Veteran Wall Repair
The Union County Veterans Wall was the project of former Mayor Mike Williams. It was completed in 2014 and dedicated on Flag Day in 2015.
After a few years, the wall started to crumble and needed repair. There are many causes of these cracks, but the primary one appears to have been pressure buildup behind the wall due to poor drainage. Some of these cracks were quite large, and a few were located behind several of the installed plaques. There were 422 Veterans represented on the wall to be reinstalled. Each Veteran has a personal plaque engraved by Veteran Martin Shafer. Forty-five new plaques are ready and will also be installed once the wall is repaired.
There was a French drain originally in the ground behind the wall, but apparently it had been put in “upside down“, with insufficient rock for proper drainage. The solution involved digging a deeper trench behind the wall and installing a thick moisture barrier.

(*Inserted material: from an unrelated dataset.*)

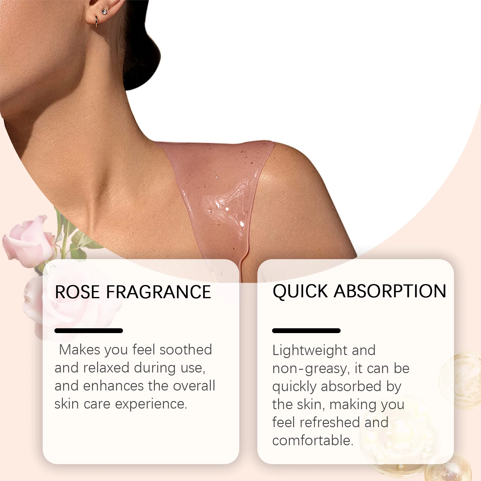 Enjoy the fast absorbing, non-greasy feel and the beautiful rose scent!
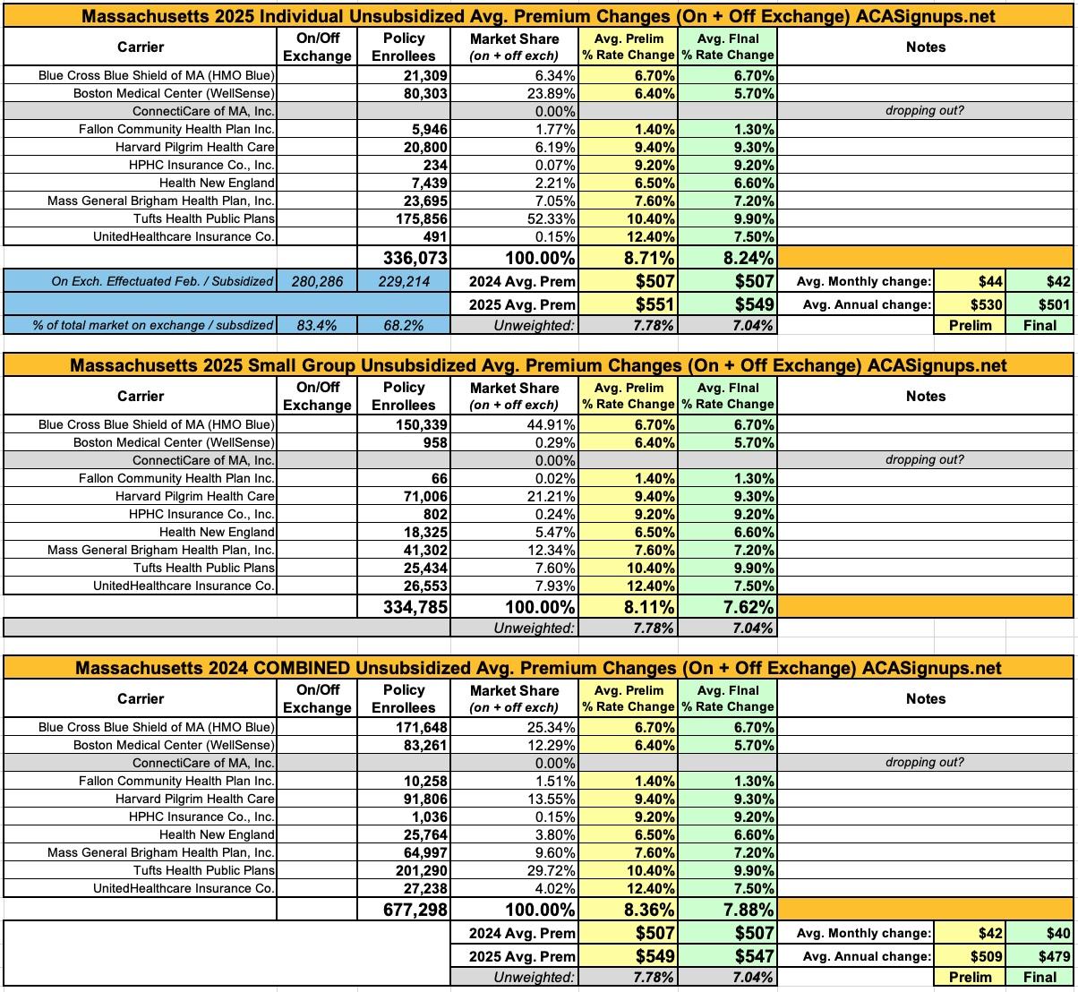 UPDATE 9/23/24: The Massachusetts Insurance Dept. has published the final, approved rates for 2025 for the indy/small group merged markets. There've only been a few changes which have reduced the overall weighted rate increase from 8.4% to 7.9%, although if you only include individual market enrollees it's a bit higher, at 8.2%.

Stacy George and his crew from George Brothers Excavation were hard at work in the mud on one of our days where it rained really hard, stopped for a while, drizzled for a while, and then poured again. When the skies opened and the rain pounded down, the crew climbed into their trucks and waited. Once the rain let up, they were back at work, wallowing in the mud again, constructing the foundation drain. Soon, all 467 individual plaques will be reinstalled on the crack-free Union County Veterans Wall. As a bonus, once all the plaques are installed, an index system will be available to help locate a specific Veterans’ plaque.
The Union County American Legion New Liberty Post 212 is very grateful to Mayor Bailey for allocating the funding to repair this wall.